Vai sempre achar que o seu filho é o bebé mais bonito de todos. Mesmo que diga a si mesmo “eu é que não vou ser desses pais…”. Tenho notícias para si. Ai vai, vai. Sempre que vir outra criança, vai sair-lhe um “ai que bonito!”, mas no fundo a sua vontade é dizer “sim, até não está mal, mas o meu é muito mais bonito!” Vai dar por si a ver crianças na rua e a comparar com a sua. E o seu bebé vai ganhar essa competição como se fosse o Barcelona a jogar nos Distritais de Aveiro. É inevitável.
Lembra-se de encontrar aqueles seus amigos e o assunto ser única e exclusivamente futebol? Pois agora, se esses amigos também forem pais, quando os encontrar vão continuar a falar de futebol, porque há coisas que não mudam. Mas até chegar ao assunto “bola”, a conversa será sobre tácticas para adormecer crianças, sobre a quantidade de xixi que já levaram em cima e uma apresentação das 357 fotos das respectivas crianças que cada um tem no telemóvel. Todas elas iguais. É inevitável.
Tem um acontecimento especial. Um aniversário. Uma festa da empresa. Vestiu-se a rigor. Já nem se lembra da última vez que teve um tempinho para si. Sente-se impecável. Está absolutamente imaculado/a. Antes de sair, percebe que, nas horas que se vão seguir, vai estar fora de casa e vai sentir saudades da criança. E isso vai custar. Por isso, decide pegar no bebé para lhe dar um beijo antes de sair de casa. A criança vai bolçar para cima de si. É inevitável.
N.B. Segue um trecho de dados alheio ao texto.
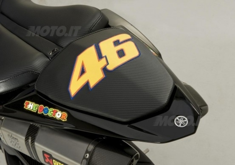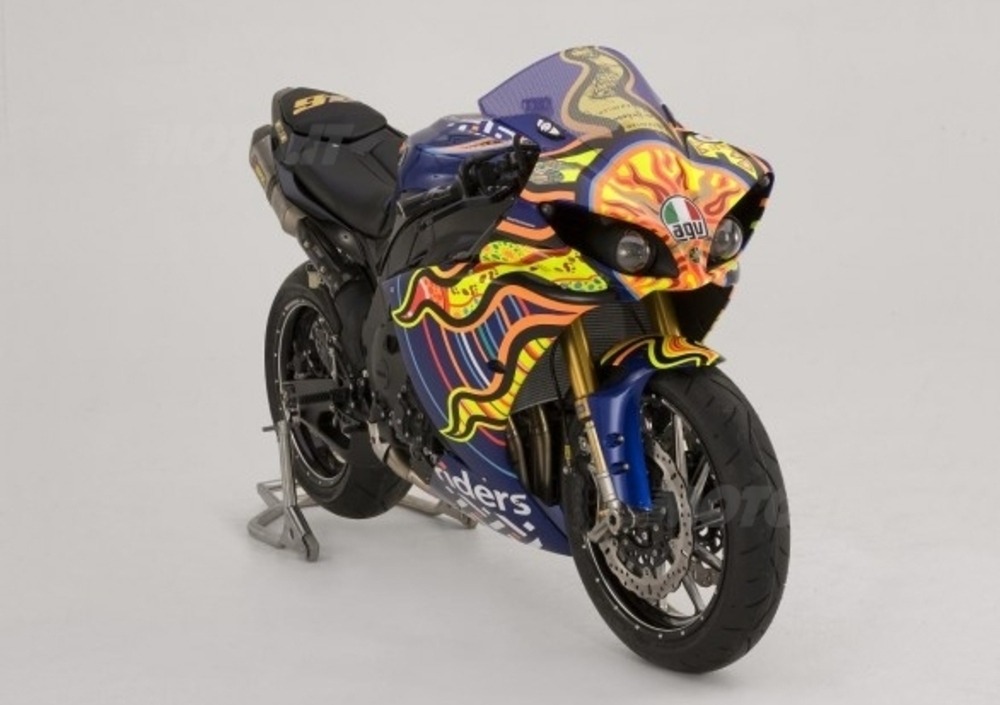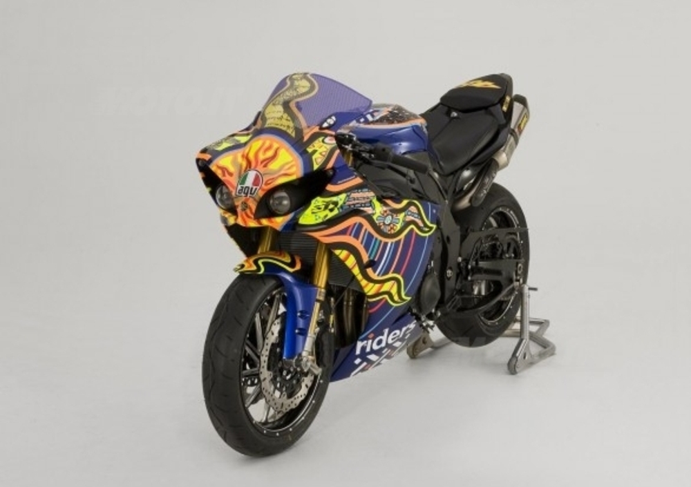 Questa moto tributo è stata personalmente autografata da Valentino Rossi sul serbatoio durante il fine settimana scorso al GP di Laguna Seca.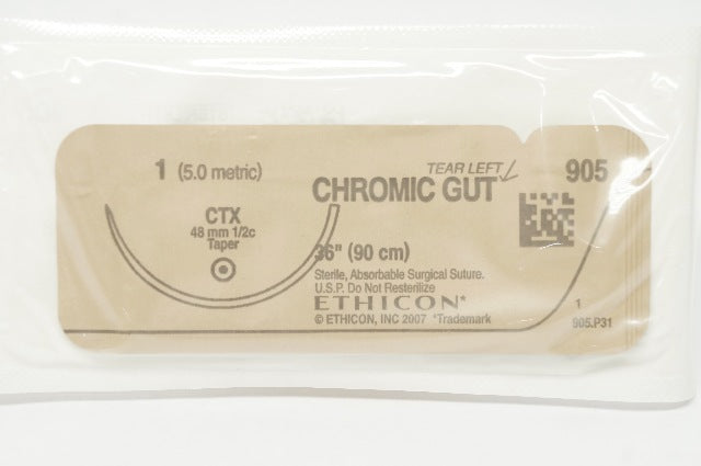 Ethicon 905 1 Tear Left Chromic Gut Absorbable Stre CTX 48mm 1/2c Taper 36inch

Decide fazer um programa só com ele/ela. Ideia: deixar o miúdo nos avós, depois ir jantar fora, ir à sessão da meia-noite no cinema ver o último do Tarantino, voltar para casa e só ir buscar a criança aos avós no dia seguinte. O que acontece na realidade? É deixar o miúdo nos avós, ir jantar fora, voltar para ir buscar o miúdo e ir para casa. “Que se lixe o filme. Estou com saudades do pirralho e o Tarantino está em DVD não tarda”. É inevitável.
Vai ao super-mercado. Enquanto olha para a prateleira e pensa se o melhor é levar as fraldas do tamanho 2 ou o tamanho 3 – “porque o miúdo não pára de crescer e não vale a pena estar a comprar não sei quantos pacotes de fraldas que daqui a uma semana já lhe estão apertadas e coitadinha da criança que vai ficar desconfortável toda apertadinha” – vai dar por si a abanar o carrinho das compras como se fosse o carrinho do bebé. É inevitável. É capaz de ser estranho para quem esteja a ver. No entanto, as bananas, o leite condensado e o alho francês que já estavam dentro do carrinho vão adorar.